The speed freak
November 9th, 2006When I first started coding the Replica framework, I wanted it to be the fastest meanest framework out there. Due to some misconceptions I used to spend hours and hours optimizing things like the Win32 message loop, write code in ASM. AT one point I even thought I'd write the entire engine in ASM, to get the most out of the CPU. I spent almost 2 months in R&D on optimal vector maths and matrix multiplication.
Looking back I now realize that these are not the things that define the speed of the engine. Yes, they are important, but not as important as an improved graphics technique. Coming to realize it now, writing the whole framework in ASM may have given me just 1 FPS more (if at all), where as a simple improvement in a graphics technique will give me much more than that. Not to mention the inconveniences that I would have to go though managing ASM code. Don't get me wrong, an optimized vector class is important, but something like this is fairly straightforward and definitly did not need months of R&D. Just run it through VTune and you will get the most optimized code in the world.
Everytime the latest Quake source code came out, I'd go running to the vector class and see how they did it… And then be majorly dissapointed.

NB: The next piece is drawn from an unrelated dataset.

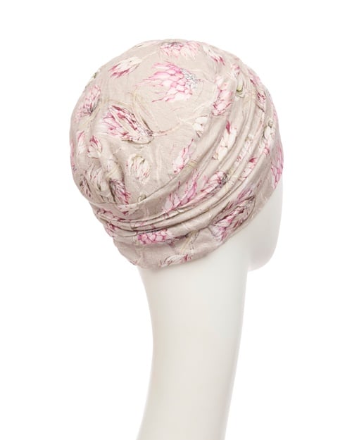 In der neuen Sommer-Kollektion gibt es den beliebten YOGA-Turban auch in einer Leinen-Version. Es ist ein zarter, pastelliger Print von rose-pinkfarbenen Blüten der Cap-Rose (Protea). Das Obermaterial ist kühlendes Leinen – sehr angenehm bei sommerlichen Temperaturen. Das Futter ist wie immer die bekannte, weiche Bambus-Viskose.

For a long time, I even though that they used to replace the actual optimized code and put in the lame C code in it's place. I was most dissapointed when I started writing a mod for UT2K4. I realized that they were doing vector normalization in the .uc scripts. Mahn, what were they thinking!!!

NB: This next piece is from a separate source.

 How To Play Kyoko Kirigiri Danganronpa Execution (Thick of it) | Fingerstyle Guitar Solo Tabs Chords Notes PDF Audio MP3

Now after reading several presentations, articles and looking at some of the world's best engines, I'd say there is a looong list of optimizations that are needed, but none of them are near the vector class or the Win32 message loop as these are something that we will never be able to change.
IMO, a major amount of time spent is used to shovel data in memory and out of it, and just by using memory wisely you can improve the performace of any engine. And be warned this is not just in the CPU. Data shoveling takes place even in the GPU. Just try switching on mipmaps and see what a huge improvement in speed you get.